"""

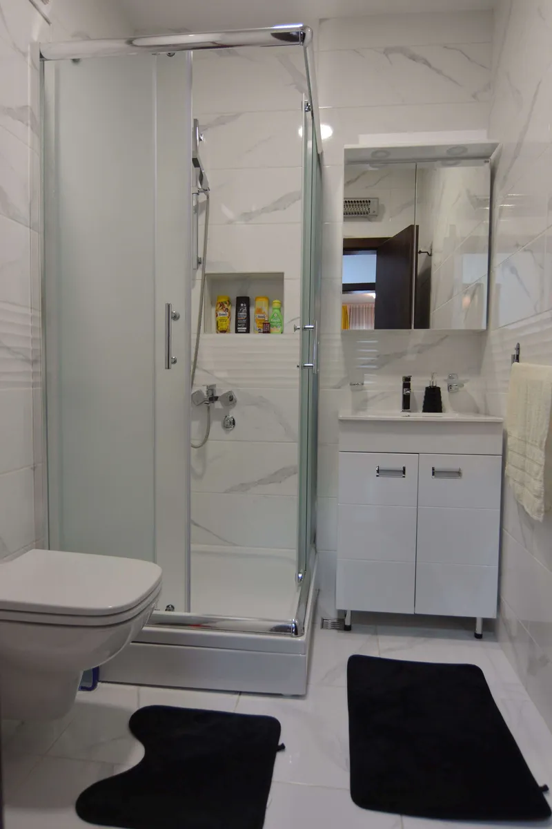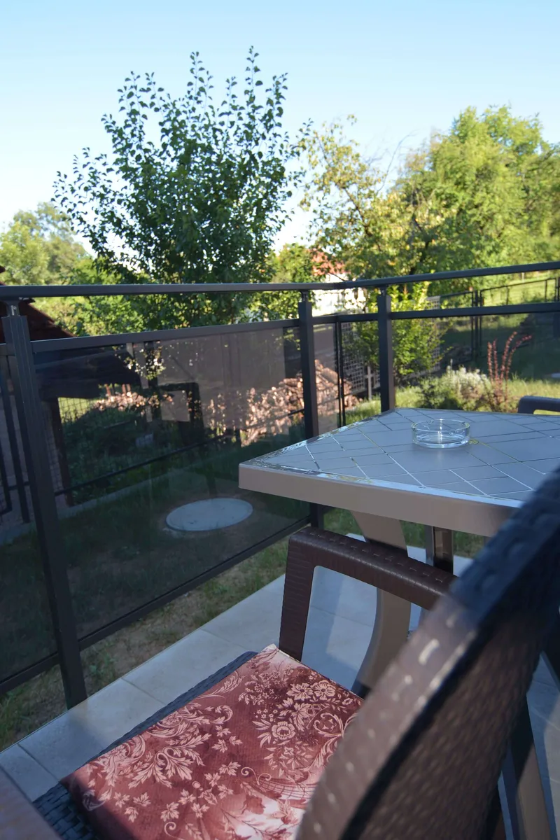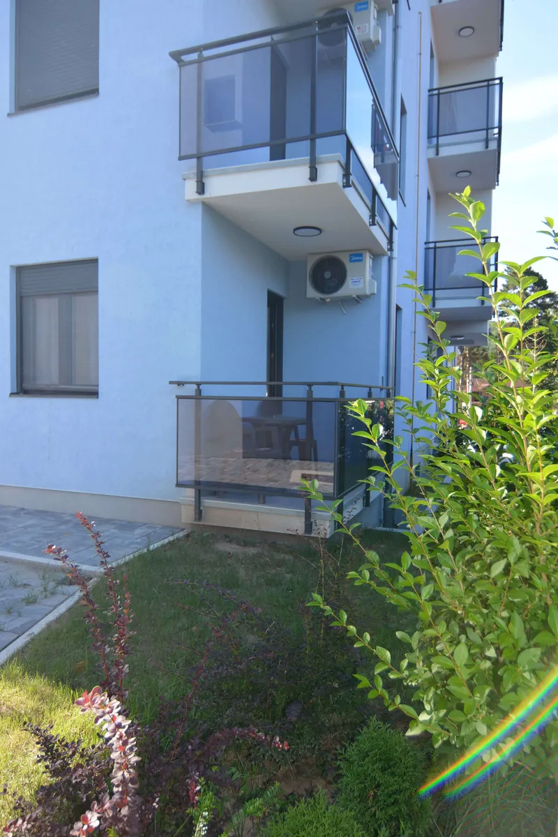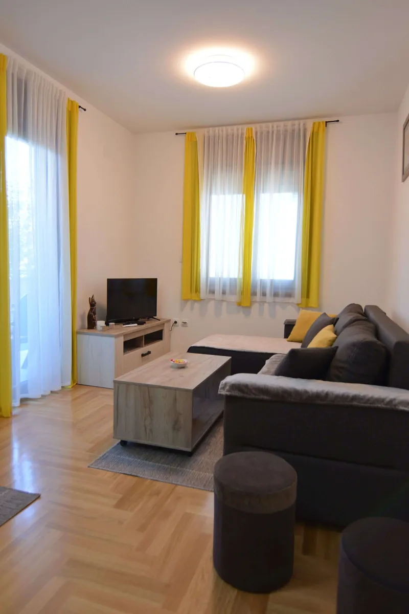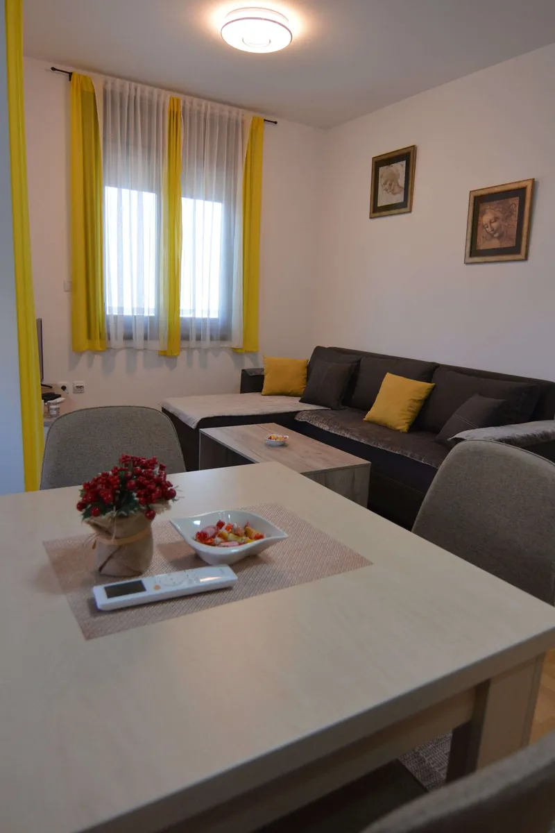 Poseduje dnevni boravak sa kuhinjom, odvojenu spavaću sobu (francuski ležaj), kupatilo, terasu i hodnik. Namenjen je za boravak 2 odrasle osobe i jednog deteta. Gostima je na raspolaganju WiFi, klima, kablovska.
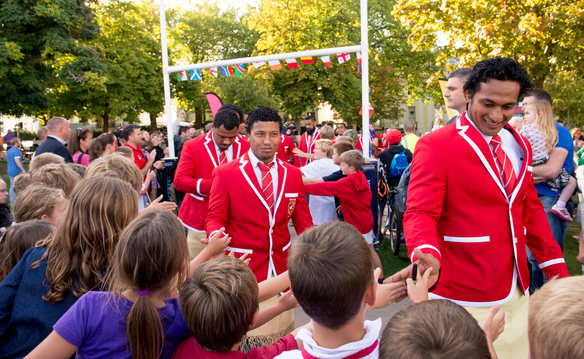 CHELTENHAM, ENGLAND – SEPTEMBER 12: Tonga Team at the RWC 2015 Welcome Ceremony – Tonga at Cheltenham Town Hall on September 12, 2015 in Cheltenham, England. (Photo by Richard Stonehouse/Getty Images for ER2015)
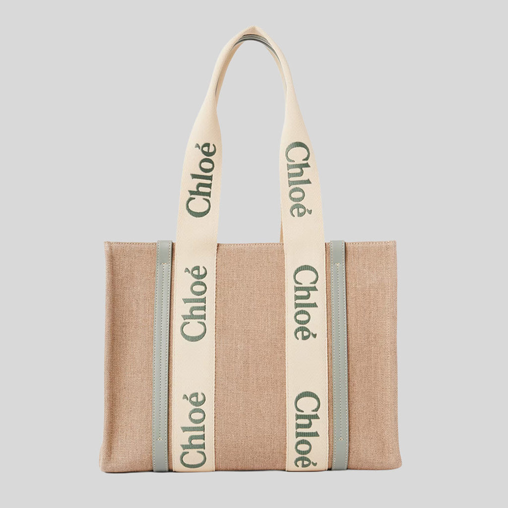 CHLOE Woody Medium Tote Bag Bluish Green CHC23AS383L1738T
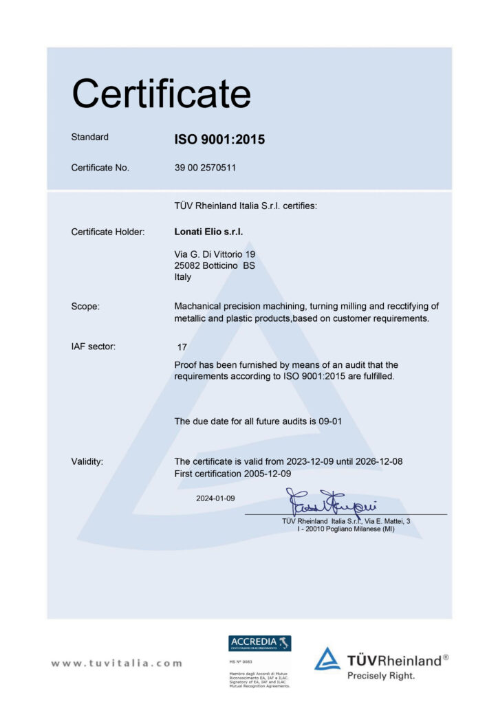 For us at Lonati Elio Srl, this certification has been an unquestionable choice since 2005, the year in which we decided to undertake the checks and audits required to obtain the certification. Since then, ISO 9001 has been and continued being a fixed point for us and our customers, proof of the attention to detail and high product quality that we want to maintain in every single phase of our third-party machining operations.

"""

- _Requirement_:
Everything in the material above must be repeated exactly, apart from its pictures.

- _Solution to the problem_:
 Poseduje dnevni boravak sa kuhinjom, odvojenu spavaću sobu (francuski ležaj), kupatilo, terasu i hodnik. Namenjen je za boravak 2 odrasle osobe i jednog deteta. Gostima je na raspolaganju WiFi, klima, kablovska.
 CHELTENHAM, ENGLAND – SEPTEMBER 12: Tonga Team at the RWC 2015 Welcome Ceremony – Tonga at Cheltenham Town Hall on September 12, 2015 in Cheltenham, England. (Photo by Richard Stonehouse/Getty Images for ER2015)
 CHLOE Woody Medium Tote Bag Bluish Green CHC23AS383L1738T
 For us at Lonati Elio Srl, this certification has been an unquestionable choice since 2005, the year in which we decided to undertake the checks and audits required to obtain the certification. Since then, ISO 9001 has been and continued being a fixed point for us and our customers, proof of the attention to detail and high product quality that we want to maintain in every single phase of our third-party machining operations.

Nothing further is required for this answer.